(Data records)
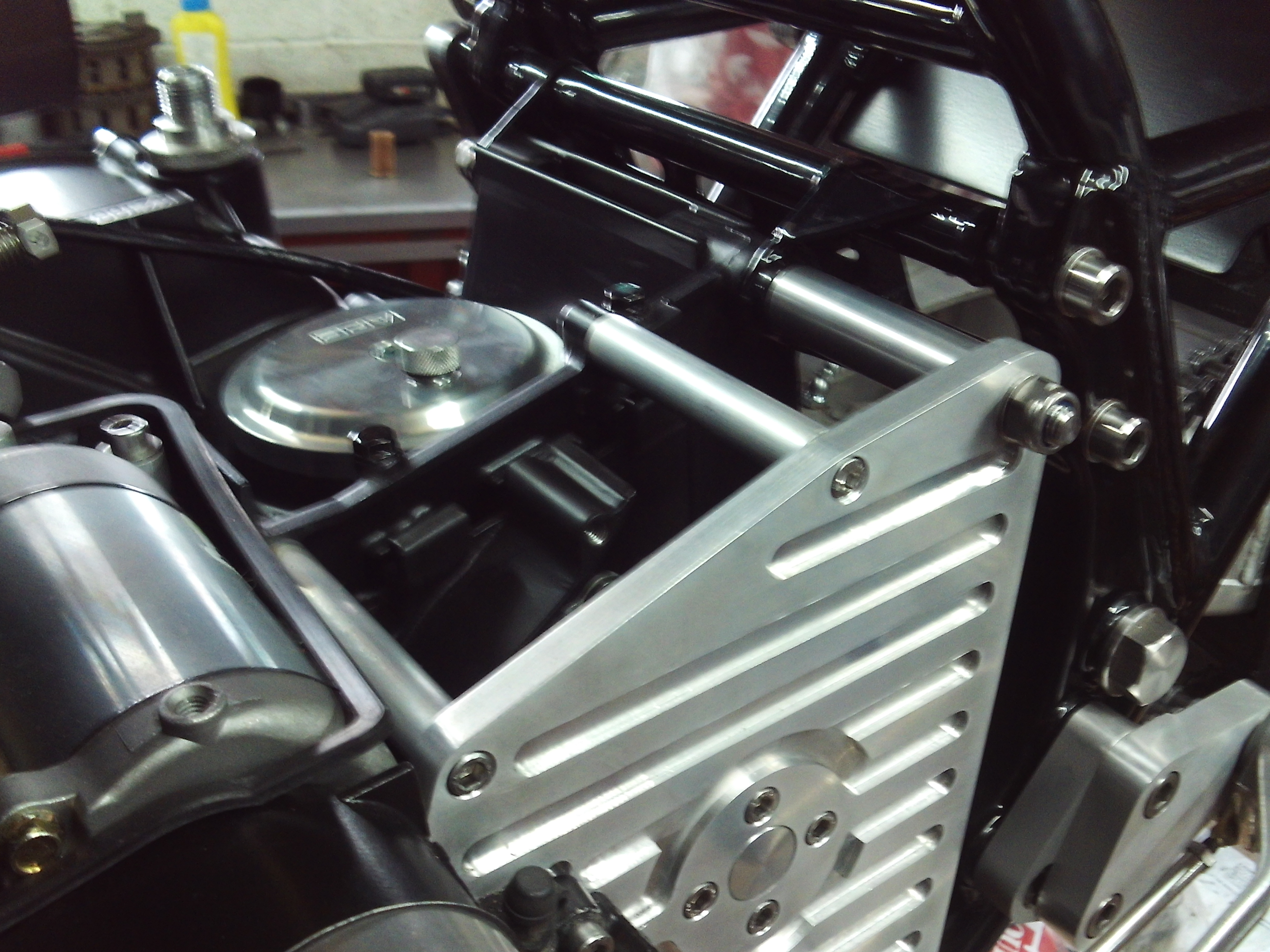 Made some stainless exhaust studs and got the downpipes on but they run very close to the sump and the collector fouls the stock filter cover so had to knock up another low profile version with flush fitting bolt the same as i did on the alloy cafe..
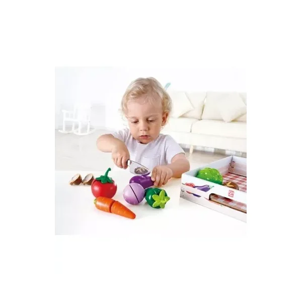 Découvrez les légumes du jardin à découper de Hape, des légumes frais et sains pour s’amuser à jouer autour de la cuisine à partir de 3 ans. 7 légumes et un couteau pour les futurs chef.
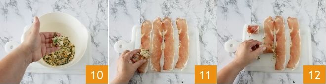 to cover them completely 10. Lay the slices of speck on a cutting board and place each bite at the beginning of one of the slices 11. Roll up to get a roll 12.
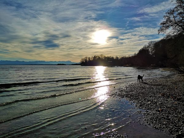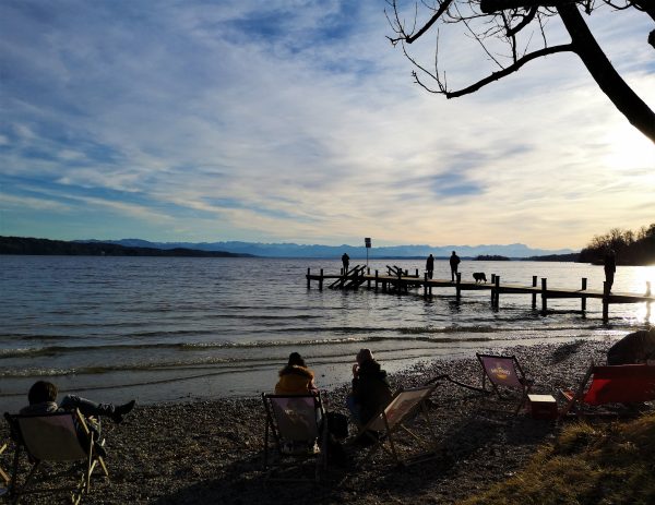 Mit einer Fläche von über 58 Quadratkilometern und rund 49 Kilometern Uferlänge hat der Starnberger See viele tolle Orte zu bieten. Einer unserer Lieblingsplätze am Starnberger See mit Hund ist der Kiosk und Seegarten (Biergarten trifft es irgendwie nicht richtig) „Steg 1“ bei Possenhofen. An schönen Sommertagen ist man hier allerdings nicht allein, die Schlange kann schon mal etwas länger sein. Aber auch im Winter ist der Kiosk stundenweise geöffnet – und gerade dann traumschön. Im Liegestuhl relaxen, die Sonne im Gesicht, das Wasser und die Alpen im Blick. Was für ein Glück!
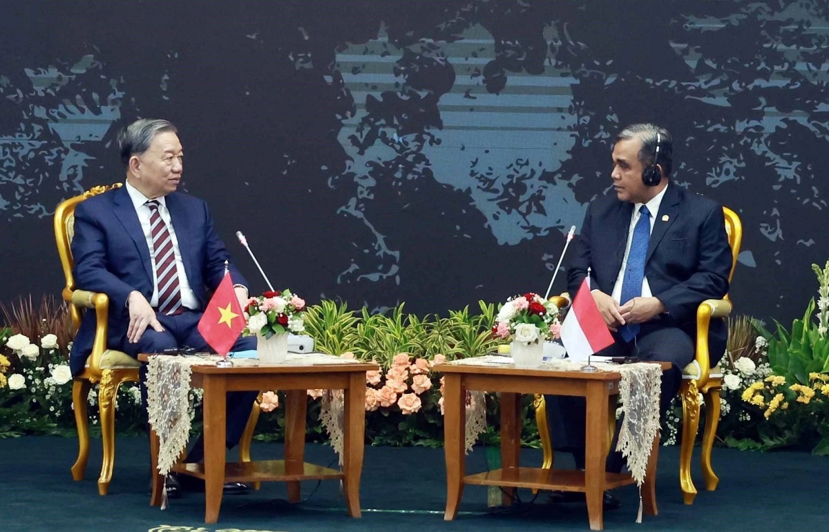 Tổng Bí thư Tô Lâm gặp Chủ tịch Hội đồng Đại biểu địa phương Indonesia Sultan Bachtiar Najamudin - Ảnh: TTXVN |
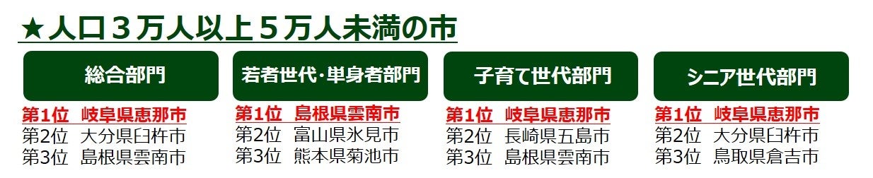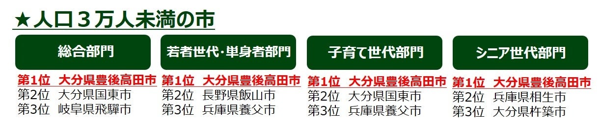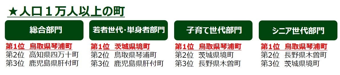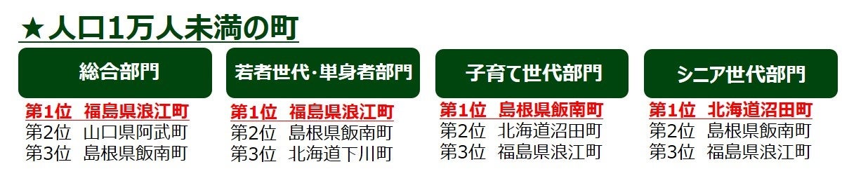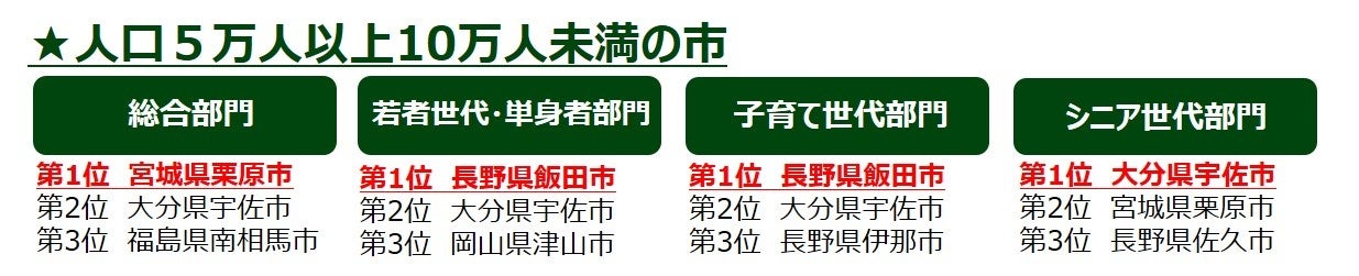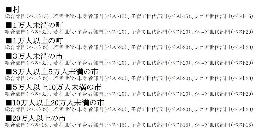 【2024年版 第12回「住みたい田舎ベストランキング」】人口規模別(8グループ)で、世代別ランキングを発表
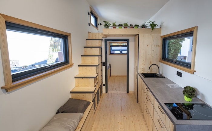 Innenraum eines ausgestellten Tiny-Hauses anlässlich des Info- und Aktiontages Nachhaltigkeit im bayerischen Erding.
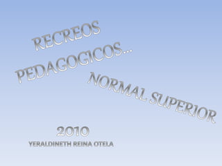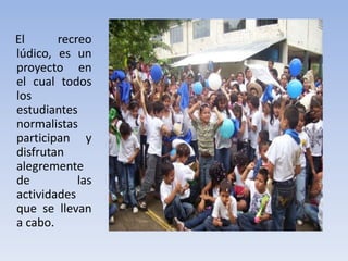 El documento describe un proyecto recreativo para estudiantes normalistas que integra actividades artísticas como música, danza y teatro durante los recreos. Estas actividades contribuyen al desarrollo integral de los estudiantes y permiten que expresen su creatividad mientras fomentan valores como la sensibilidad, el respeto y la solidaridad. Adicionalmente, el proyecto genera una mayor dinámica e integración entre los estudiantes y maestros durante los descansos.
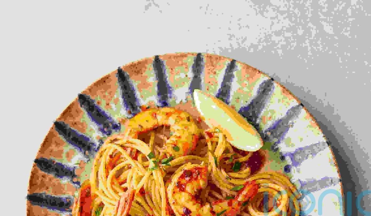 5. Using tongs, drag the pasta into the pan, squeeze in half the lemon juice, throw in the parsley leaves, then toss together, loosening with a splash of starchy cooking water, if needed. To serve, pick out and discard the crispy prawn heads and cut the remaining lemon half into wedges for squeezing over.
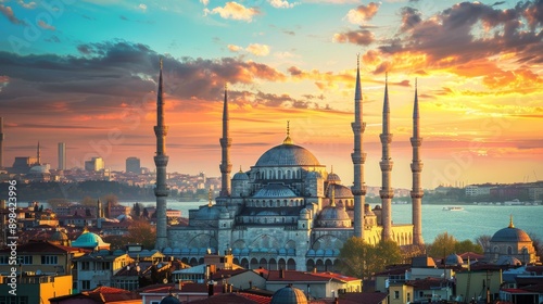 © your inspiration , Obraz premium sunset over the hagia sophia mosque in turkey
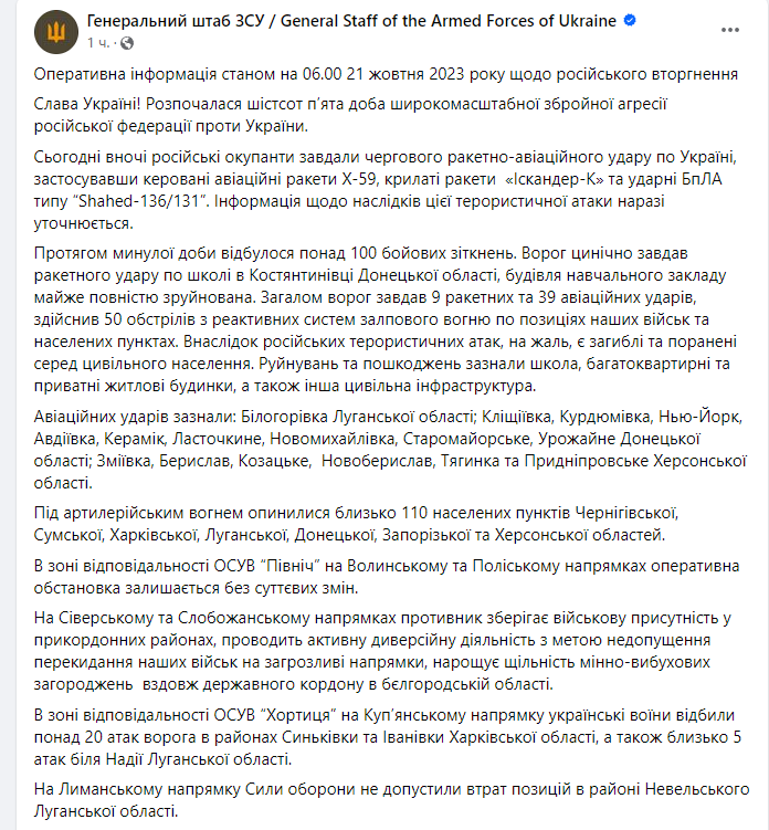 Война в Украине идет уже 605-й день. Мы следим за последними новостями и ключевыми событиями 21 октября 2023 года в обновляемом онлайне.

**What you need to do**
Every entry above is to be copied verbatim, with the pictures removed.

**Solution**
 Made some stainless exhaust studs and got the downpipes on but they run very close to the sump and the collector fouls the stock filter cover so had to knock up another low profile version with flush fitting bolt the same as i did on the alloy cafe..
 Découvrez les légumes du jardin à découper de Hape, des légumes frais et sains pour s’amuser à jouer autour de la cuisine à partir de 3 ans. 7 légumes et un couteau pour les futurs chef.
 to cover them completely 10. Lay the slices of speck on a cutting board and place each bite at the beginning of one of the slices 11. Roll up to get a roll 12.
 Mit einer Fläche von über 58 Quadratkilometern und rund 49 Kilometern Uferlänge hat der Starnberger See viele tolle Orte zu bieten. Einer unserer Lieblingsplätze am Starnberger See mit Hund ist der Kiosk und Seegarten (Biergarten trifft es irgendwie nicht richtig) „Steg 1“ bei Possenhofen. An schönen Sommertagen ist man hier allerdings nicht allein, die Schlange kann schon mal etwas länger sein. Aber auch im Winter ist der Kiosk stundenweise geöffnet – und gerade dann traumschön. Im Liegestuhl relaxen, die Sonne im Gesicht, das Wasser und die Alpen im Blick. Was für ein Glück!
 Tổng Bí thư Tô Lâm gặp Chủ tịch Hội đồng Đại biểu địa phương Indonesia Sultan Bachtiar Najamudin - Ảnh: TTXVN |
 【2024年版 第12回「住みたい田舎ベストランキング」】人口規模別(8グループ)で、世代別ランキングを発表
 Innenraum eines ausgestellten Tiny-Hauses anlässlich des Info- und Aktiontages Nachhaltigkeit im bayerischen Erding.
 El documento describe un proyecto recreativo para estudiantes normalistas que integra actividades artísticas como música, danza y teatro durante los recreos. Estas actividades contribuyen al desarrollo integral de los estudiantes y permiten que expresen su creatividad mientras fomentan valores como la sensibilidad, el respeto y la solidaridad. Adicionalmente, el proyecto genera una mayor dinámica e integración entre los estudiantes y maestros durante los descansos.
 5. Using tongs, drag the pasta into the pan, squeeze in half the lemon juice, throw in the parsley leaves, then toss together, loosening with a splash of starchy cooking water, if needed. To serve, pick out and discard the crispy prawn heads and cut the remaining lemon half into wedges for squeezing over.
 © your inspiration , Obraz premium sunset over the hagia sophia mosque in turkey
 Война в Украине идет уже 605-й день. Мы следим за последними новостями и ключевыми событиями 21 октября 2023 года в обновляемом онлайне.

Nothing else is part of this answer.